What you should do: The expected output is an exact copy of the lines from the one containing "現場事務所での対人間隔の確保と換気" through the final line of the entries below, with no images.

Data in this exercise:
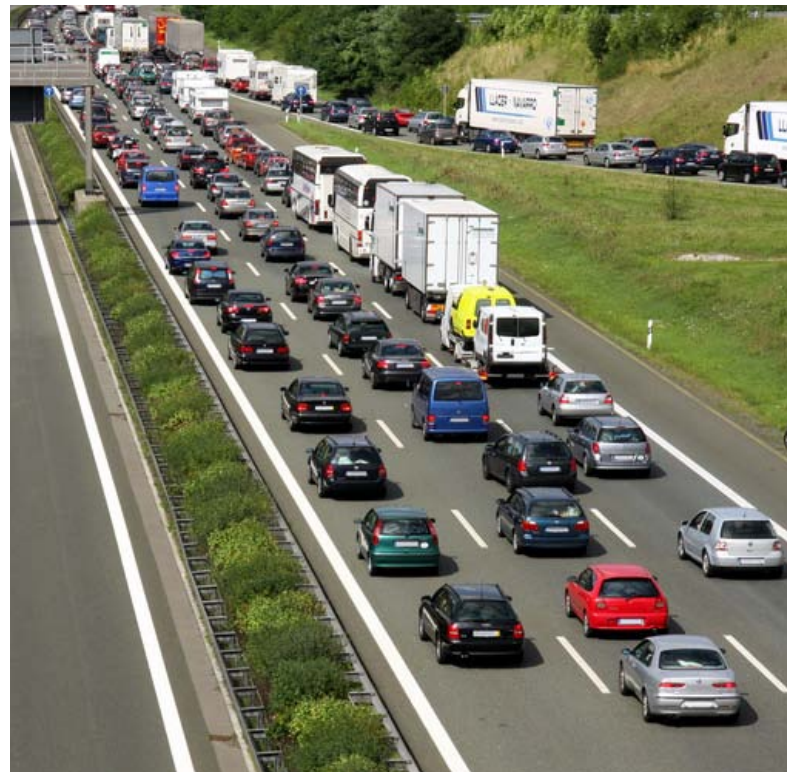
Allein im letzten Jahr gab es auf Deutschlands Autobahnen 375.000 Kilometer Stau

Ganz zu schweigen von den volks- und betriebswirtschaftlichen Schäden, die durch Staus entstehen. Allein im letzten Jahr gab es auf Deutschlands Autobahnen 375.000 Kilometer Stau. Dies entspricht der Entfernung der Erde zum Mond. Ursache für die „schleichenden Blechlawinen“ sind Unfälle, Pannen und Baustellen. Der daraus entstehende Schaden für Zeitverlust und Spritvergeudung wird laut ADAC auf einen
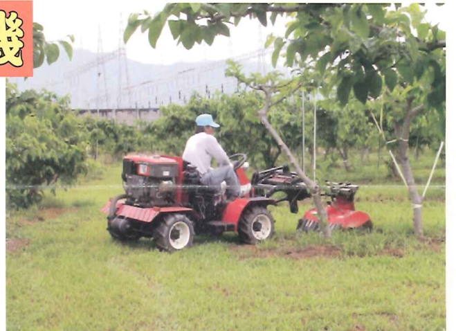
果園中耕除草機田區轉彎四輪轉向

研成之果園中耕除草機本機以16馬力柴油引擎為動力、四輪驅動、四輪轉向，設計四輪驅動使果園中耕除草機適應在石礫地、鬆軟土壤等不良環境作業，果園轉彎亦可利用四輪轉向機構，減少轉彎半徑，方便田區行駛，提升工作效率，速度前進六速、後退二速，最快行駛速度每小時15公里，可快速至果園工作。中耕部寬度60公分，刀管可安裝中耕刀、掘刀、培土刀，但以安裝掘刀性能較佳，能適應不同情況及環境下果園作業之需求，刀軸每分鐘轉速約為440-470轉，中耕部安裝在本機
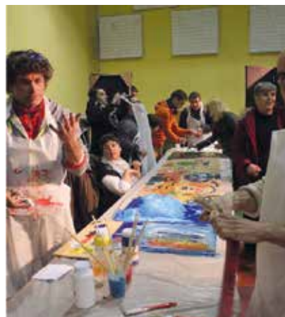
L'an passé, les ateliers d'initiations à diverses techniques artistiques avaient connu un gros succès.

L'association « Arts Muse et Vous » organise la 3 e édition du festival « Rencontre Art Culture pour Tous » les 17, 18 et 19 mars dans la salle polyvalente et dans l'école de Musique Intercommunale à Montardon.
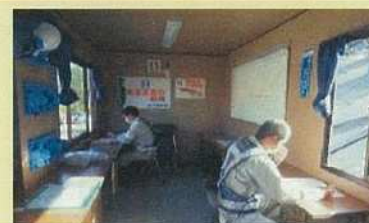
現場事務所での対人間隔の確保と換気
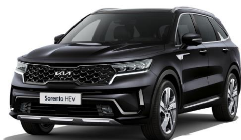
Aurora Black Pearl (ABP)
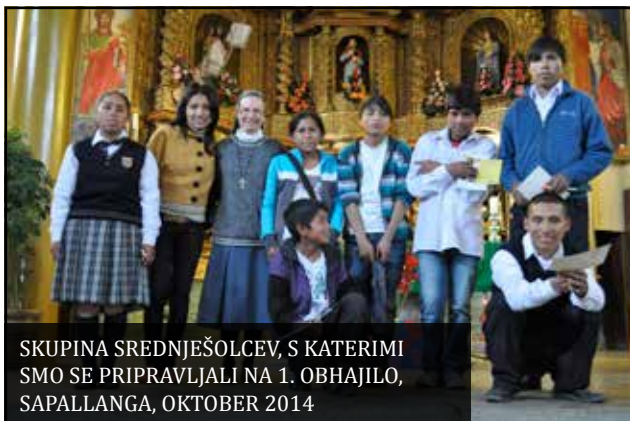
SKUPINA SREDNJEŠOLCEV, S KATERIMI SMO SE PRIPRAVLJALI NA 1. OBHAJILO, SAPALLANGA, OKTOBER 2014

Exercise output:
現場事務所での対人間隔の確保と換気
Aurora Black Pearl (ABP)
SKUPINA SREDNJEŠOLCEV, S KATERIMI SMO SE PRIPRAVLJALI NA 1. OBHAJILO, SAPALLANGA, OKTOBER 2014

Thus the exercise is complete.